Exploiting properties of `List`s

Unfolding fizzbuzz made the goal more complicated, but the good news is that the added complexity is just in terms of List functions, so hopefully we can make use of some properties of Lists to simplify the goal again. Here are two facts that better be true:

If you map over a list l with some function f, and then take the ith element out of the mapped list, it better be the same as just passing the ith element of the original list to f in the first place. Stated more mathematically, (map f l)[i] = f l[i]. (In order to make this well-defined, let’s assume that i is a valid index for l.)
List.range' is a function that we know a lot about: the ith element of List.range begin end better be begin + 1 (again, assuming i is in bounds.)

These are defined in mathlib, so if they don’t appear in your IDE ensure you’ve imported Mathlib.Data.Nat.Basic.

by this point you shouldn’t be surprised that Lean has build-in theorems for both these statements! List.getElem_map states the first property and List.getElem_range’ states the latter.
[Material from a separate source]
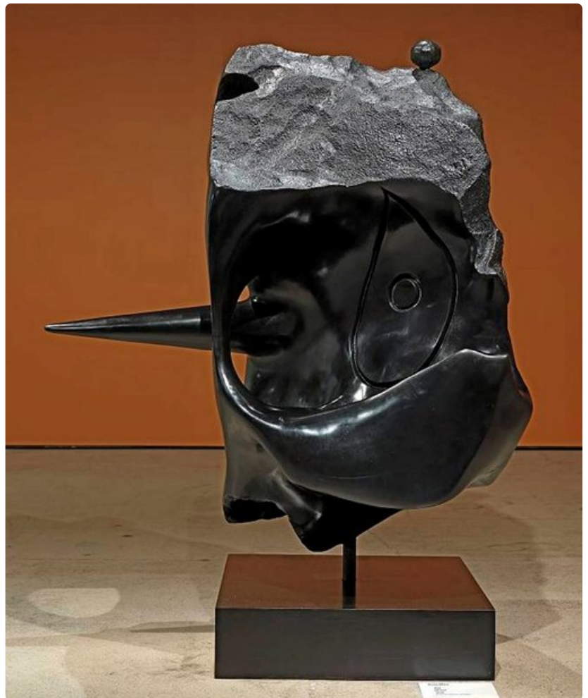
Pää, 1974.

 theorem fb_one_to_fizzbuzz :
     ∀ (i n : Nat), i < n → (fizzbuzz n)[i]? = some (fb_one (1 + i)) := by
   intro i n H_i_lt_n

   -- 1. Use the i < n hypothesis to remove the Option type (`?` and `some (...)`).
   rw [@List.getElem?_eq_some_iff]
   have H_n_is_len : (List.length (fizzbuzz n) = n) := by apply fb_length_n
   rw [<- H_n_is_len] at H_i_lt_n
   exists H_i_lt_n

   -- 2. Now prove the equality of the `i`th element and `fb_one (i + 1)`.
   unfold fizzbuzz
+  rw [List.getElem_map, List.getElem_range']

1 goal

i n : ℕ

H_i_lt_n : i < (fizzbuzz n).length

H_n_is_len : (fizzbuzz n).length = n

-⊢ (List.map fb_one_ntaylor (List.range' 1 n))[i] = fb_one_ntaylor (1 + i)

+⊢ fb_one_ntaylor (1 + 1 * i) = fb_one_ntaylor (1 + i)

The equality is almost the same on both sides: the only difference is that the left-hand side multiplies by 1. (This is because List.range_ also has an “step” argument to generate every n values, which defaults to 1.) We know that one times anything is that thing, and Lean knows that too, so a simple theorem about Nats is enough to remove that multiplication and finish our proof!

theorem fb_one_to_fizzbuzz :
    ∀ (i n : Nat), i < n → (fizzbuzz n)[i]? = some (fb_one_ntaylor (1 + i)) := by
  intro i n H_i_lt_n
  -- 1. Use the i < n hypothesis to remove the Option type (`?` and `some (...)`).
  rw [@List.getElem?_eq_some_iff]
  have H_n_is_len : (List.length (fizzbuzz n) = n) := by apply fb_length_n
  rw [<- H_n_is_len] at H_i_lt_n
  exists H_i_lt_n

  -- 2. Now prove the equality of the `i`th element and `fb_one (i + 1)`.
  unfold fizzbuzz
  rw [List.getElem_map, List.getElem_range']
  rw [Nat.one_mul]

Pros and cons of automated tactics

If we were feeling lazy and didn’t want to go splunking for our theorems in List, we could have used simp to automate the second part of the proof away:

theorem fb_one_to_fizzbuzz :
    ∀ (i n : Nat), i < n → (fizzbuzz n)[i]? = some (fb_one_ntaylor (1 + i)) := by
  intro i n H_i_lt_n
  -- 1. Use the i < n hypothesis to remove the Option type (`?` and `some (...)`).
  rw [@List.getElem?_eq_some_iff]
  have H_n_is_len : (List.length (fizzbuzz n) = n) := by apply fb_length_n
  rw [<- H_n_is_len] at H_i_lt_n
  exists H_i_lt_n

  -- 2. Now prove the equality of the `i`th element and `fb_one (i + 1)`.
  unfold fizzbuzz
  simp

Goals accomplished!

One of the downsides of using automated tactics like simp is that it’s not immediately clear to us as programmers what simplifications it will be able to do. I might have thought that it’d attempt to flip the arguments to the addition, but clearly not. By contrast, as opaque as Dafny’s internals seem to be, its underlying SMT solver seems grounded enough in the axioms of linear arithmetic that we would reasonably guess what it’s capable of doing “out of the box”.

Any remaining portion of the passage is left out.